Будь Карл Великий лет на тридцать моложе, он, пожалуй, не принял бы предложений Константинополя с такой готовностью; но он уже был стар и устал, и проблема раздела собственной империи между уцелевшими на тот момент наследниками заботила его куда больше, чем дальнейшая территориальная экспансия. Он всегда утверждал, что возведение в императорский сан стало для него неожиданностью. В любом случае эта высокая честь определенно его смущала, и он старательно воздерживался от каких бы то ни было агрессивных планов в отношении Восточной империи. Все, чего он желал от Византии, – чтобы та признала его императорский титул; в свете этого дружба с собратом-императором Никифором была пределом его мечтаний, и отказаться ради нее от притязаний на Венецию было не жаль.

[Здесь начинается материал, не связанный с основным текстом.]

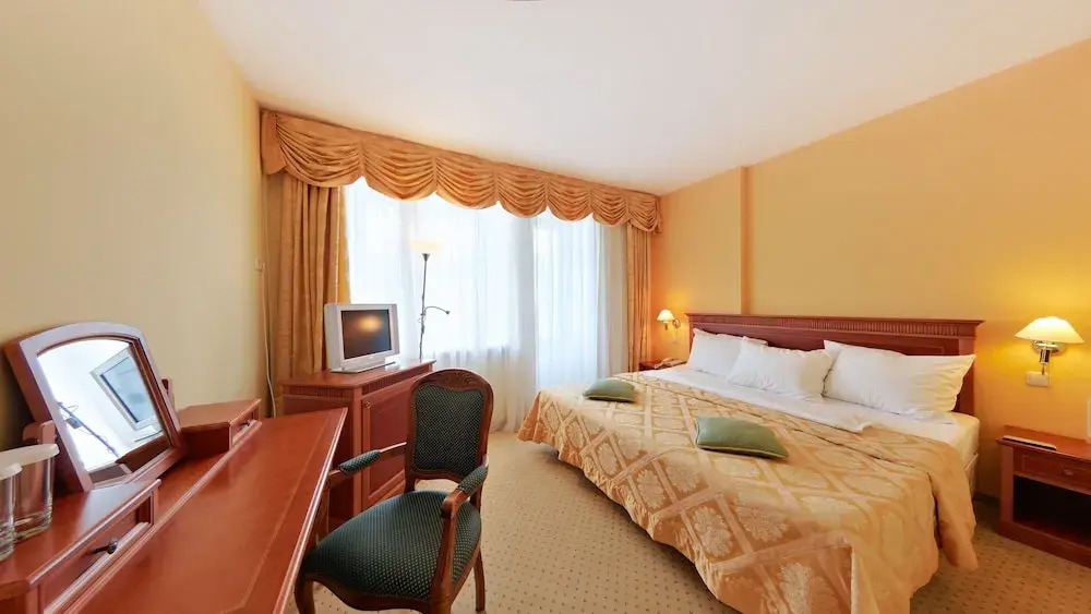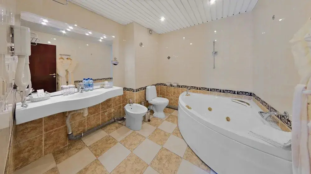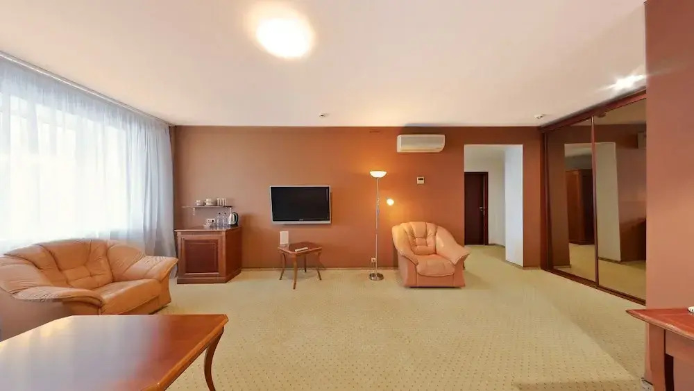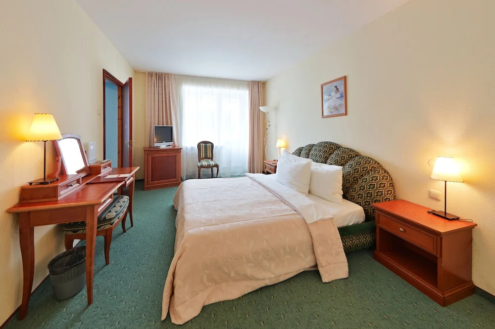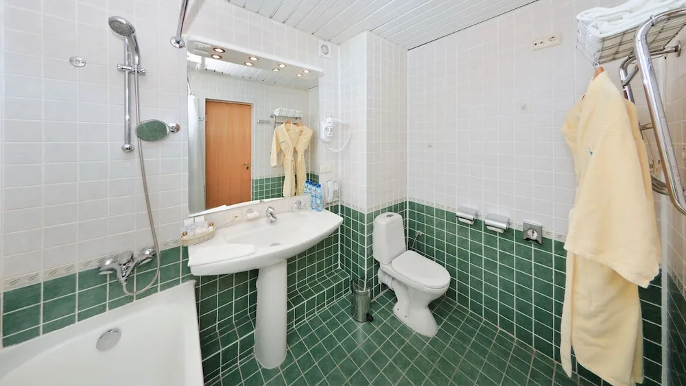 В номере вас будут ждать душ, телевизор, халат и тапочки. Перечисленные услуги есть не во всех номерах.

Договор между двумя империями, согласованный весной 811 г. (хотя вступивший в силу лишь три года спустя, потому что и Карл Великий, и Никифор умерли, не успев его утвердить), предоставил обеим сторонам именно то, в чем они нуждались, но за известную цену. Франки получили признание своего имперского статуса, а для византийцев отказ Карла Великого от любых притязаний на Венецию означал не только сохранение сюзеренитета над провинцией, но и уверенность в том, что главная морская сила Адриатики не обратится против них. Приобретения с обеих сторон сопровождались взаимными уступками, и только Венеция выиграла от этого договора безусловно, ничего не отдав взамен. Отныне она могла наслаждаться всеми преимуществами (отчасти политическими, но в первую очередь культурными и торговыми), какие давал статус византийской провинции, не поступаясь при этом своей независимостью ни на йоту. В следующие годы и десятилетия венецианские дожи оставались – с юридической точки зрения – византийскими чиновниками, а значит, носили столь любезные их сердцу византийские титулы и временами могли даже рассчитывать на византийское золото. Но при этом они были венецианцами в полной мере – и избранниками венецианского народа, а Восточная империя никогда больше не пыталась сколько-нибудь серьезно вмешаться во внутренние дела республики, которую они возглавляли. Проводить далеко идущие исторические параллели всегда рискованно, тем более когда речь идет о явлениях, столь далеких друг от друга и во времени, и по духу; но, представляя себе отношения между Венецией и Константинополем, установившиеся на добрых двести лет после заключения договора, все же трудно не сравнивать их с положением, в котором сейчас находятся страны Содружества наций по отношению к Соединенному Королевству.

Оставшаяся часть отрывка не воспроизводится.